**The task**.
Make an exact copy of the records, leaving out the images.

========================================

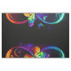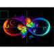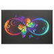 Vibrant infinity with rainbow butterfly on black fabric
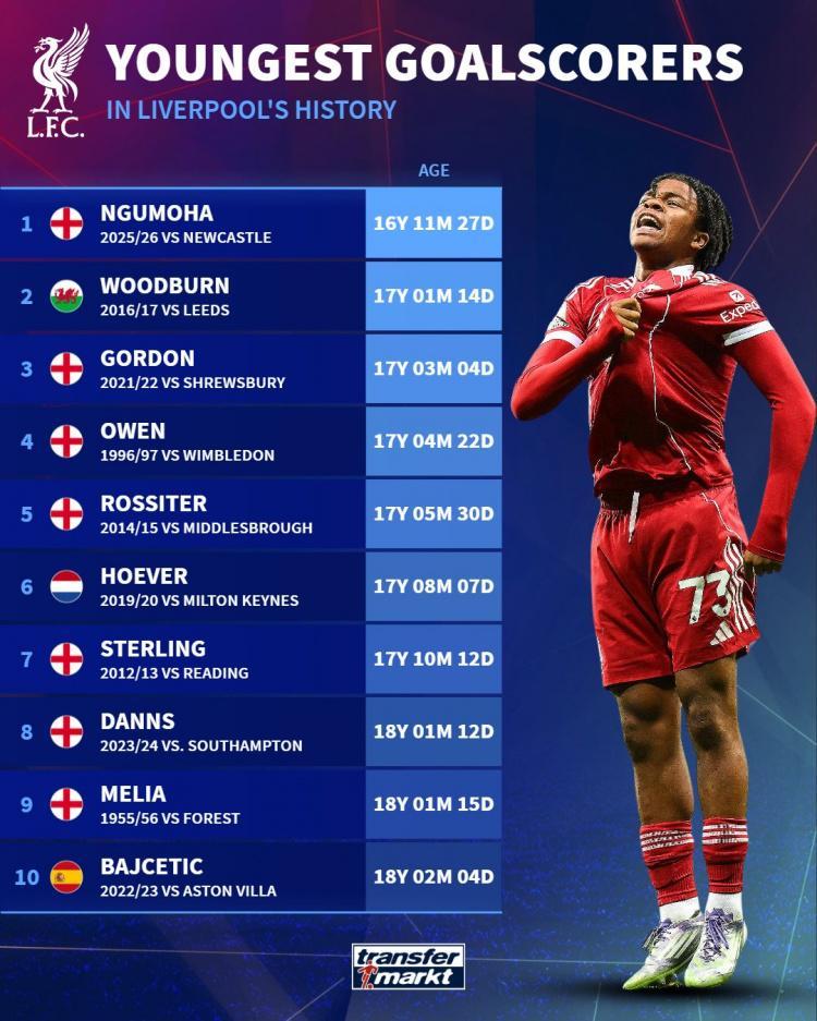 此役16岁小将恩古莫哈在终场补时阶段为利物浦攻入绝杀进球,据德国转会市场统计,他是利物浦队史最年轻的进球者。
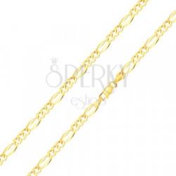 Figaro mintás nyaklánc 585 sárga aranyból. Váltakozó láncszemek három kis szem és egy nagyobb hosszúkás láncszem. Felülete fényes és sima. Zárszerkezete delfinkapcsos. Nyaklánc szélessége: 4,4 mmHossz: 500 mm (+/- 5 %)Záró láncszem szélessége: 2,3 mmSúly: 5,5 gFémjelzéssel ellátott.
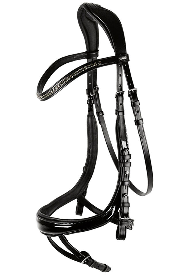 Schockemöhle Sports Snaffle EQUITUS BETA XL-WB patent grijs/zilver - Snaffle zo goed als nieuw, nauwelijks gebruikt. (NP Eur 319,00 zonder teugels). VK Eur 250,00 inclusief teugels. Elegante anatomische speciale snaffle met nieuwe pasvorm van Schockemöhle Sports. Gebogen neusriem omzeilt de belangrijkste gezichtszenuw. Zacht gevoerd hoofdstuk met veel ruimte voor de oren. Gebogen wenkbrauwband versierd met grote kristallen ketting met extra brede pasvorm om druk in het oog-oor gebied te voorkomen. Vrij ademen door verplaatste sluitband, knopnagels voor individuele afstelling. Verdere vragen per post.
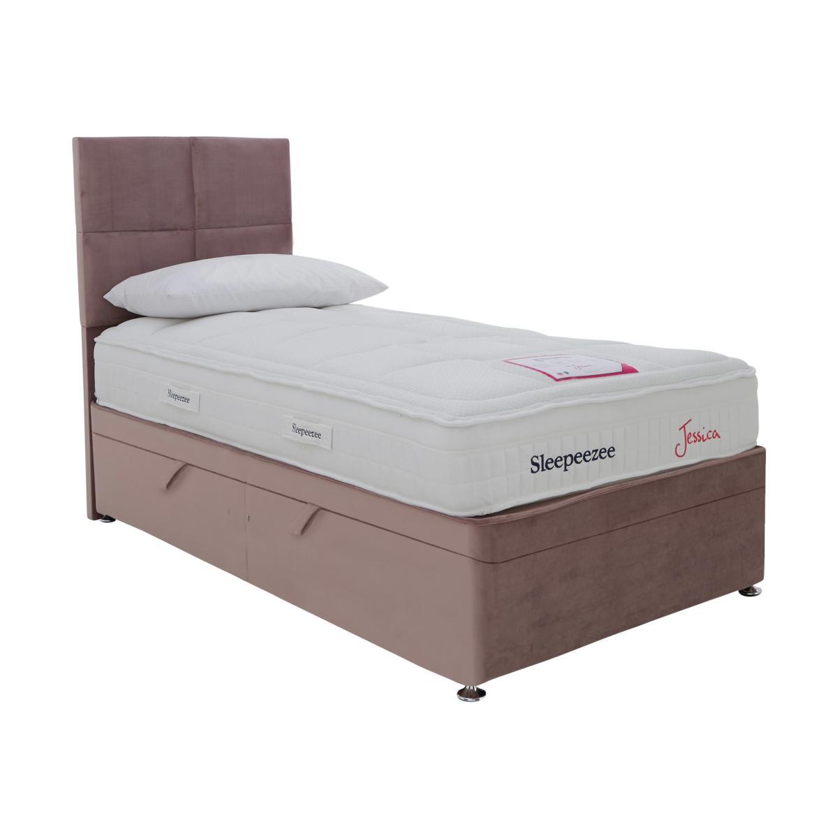 The Sleepeezee Jessica range was designed in partnership with elite athlete and Sleepeezee Ambassador Jessica Ennis-Hill. And now its cooling, supportive, luxurious and hypoallergenic medium to firm feel mattress has won a Which? Best Buy award. Enjoy the comfort of edge-to-edge support, temperature regulating StayCool® foam, memory foam, traditional springs and body-contouring SoftTech® springs. Choose from beautiful side ottoman and drawer divan bases covered in a choice of attractive fabrics and colours. A donation to Ennis-Hill’s Hospital charity is made with every mattress sold. Medium to firm comfort with temperature regulating StayCool® foam. 1800 pocket springs in king size, including innovative SoftTech® springs. Side ottoman divan base in a choice of gorgeous fabrics. Headboard is an optional extra. Proudly handcrafted here in the UK and designed in partnership with Sleepeezee Brand Ambassador Jessica Ennis-Hill, the Sleepeezee Jessica side ottoman divan set has lots to recommend it. There’s plenty of useful storage in the easy open side-ottoman base, luxuriously upholstered in a choice of lovely fabrics and colours. Then there’s supportive, pampering, medium to firm feel comfort of the Which? Best Buy mattress – designed to give you a cooling, comfy, hypoallergenic night’s sleep on responsive pocket springs. The 25cm deep mattress has a soft knitted, quilted cover with damask border. Working from the base upwards you’ll find traditional pocket springs, a further layer of responsive SoftTech® springs for posture-friendly support, a deep layer of StayCool® foam and finally memory foam topped with soft, hypoallergenic white fibres. The single sided, no turn mattress is fully encapsulated with a firm edge so there’s no roll-together. The side ottoman divan base is made from high quality timber and materials and robustly constructed. It’s available in all the standard bed sizes. Product images are representative. Find out more. The mattress is a non-turn mattress. We recommend the use of a mattress protector. Please note. The mattress should be aired for four hours after delivery to freshen and remove any aroma from storage. It may take time for your mattress to attain its full size once the springs have settled to the correct position. This is due to the mattress being upright during transit. Settlement of fillings and indentations caused by body weight compressing the fillings are natural and not considered defects. This can be minimised by regular rotating.

========================================

**Response area**.
 Vibrant infinity with rainbow butterfly on black fabric
 此役16岁小将恩古莫哈在终场补时阶段为利物浦攻入绝杀进球,据德国转会市场统计,他是利物浦队史最年轻的进球者。
 Figaro mintás nyaklánc 585 sárga aranyból. Váltakozó láncszemek három kis szem és egy nagyobb hosszúkás láncszem. Felülete fényes és sima. Zárszerkezete delfinkapcsos. Nyaklánc szélessége: 4,4 mmHossz: 500 mm (+/- 5 %)Záró láncszem szélessége: 2,3 mmSúly: 5,5 gFémjelzéssel ellátott.
 Schockemöhle Sports Snaffle EQUITUS BETA XL-WB patent grijs/zilver - Snaffle zo goed als nieuw, nauwelijks gebruikt. (NP Eur 319,00 zonder teugels). VK Eur 250,00 inclusief teugels. Elegante anatomische speciale snaffle met nieuwe pasvorm van Schockemöhle Sports. Gebogen neusriem omzeilt de belangrijkste gezichtszenuw. Zacht gevoerd hoofdstuk met veel ruimte voor de oren. Gebogen wenkbrauwband versierd met grote kristallen ketting met extra brede pasvorm om druk in het oog-oor gebied te voorkomen. Vrij ademen door verplaatste sluitband, knopnagels voor individuele afstelling. Verdere vragen per post.
 The Sleepeezee Jessica range was designed in partnership with elite athlete and Sleepeezee Ambassador Jessica Ennis-Hill. And now its cooling, supportive, luxurious and hypoallergenic medium to firm feel mattress has won a Which? Best Buy award. Enjoy the comfort of edge-to-edge support, temperature regulating StayCool® foam, memory foam, traditional springs and body-contouring SoftTech® springs. Choose from beautiful side ottoman and drawer divan bases covered in a choice of attractive fabrics and colours. A donation to Ennis-Hill’s Hospital charity is made with every mattress sold. Medium to firm comfort with temperature regulating StayCool® foam. 1800 pocket springs in king size, including innovative SoftTech® springs. Side ottoman divan base in a choice of gorgeous fabrics. Headboard is an optional extra. Proudly handcrafted here in the UK and designed in partnership with Sleepeezee Brand Ambassador Jessica Ennis-Hill, the Sleepeezee Jessica side ottoman divan set has lots to recommend it. There’s plenty of useful storage in the easy open side-ottoman base, luxuriously upholstered in a choice of lovely fabrics and colours. Then there’s supportive, pampering, medium to firm feel comfort of the Which? Best Buy mattress – designed to give you a cooling, comfy, hypoallergenic night’s sleep on responsive pocket springs. The 25cm deep mattress has a soft knitted, quilted cover with damask border. Working from the base upwards you’ll find traditional pocket springs, a further layer of responsive SoftTech® springs for posture-friendly support, a deep layer of StayCool® foam and finally memory foam topped with soft, hypoallergenic white fibres. The single sided, no turn mattress is fully encapsulated with a firm edge so there’s no roll-together. The side ottoman divan base is made from high quality timber and materials and robustly constructed. It’s available in all the standard bed sizes. Product images are representative. Find out more. The mattress is a non-turn mattress. We recommend the use of a mattress protector. Please note. The mattress should be aired for four hours after delivery to freshen and remove any aroma from storage. It may take time for your mattress to attain its full size once the springs have settled to the correct position. This is due to the mattress being upright during transit. Settlement of fillings and indentations caused by body weight compressing the fillings are natural and not considered defects. This can be minimised by regular rotating.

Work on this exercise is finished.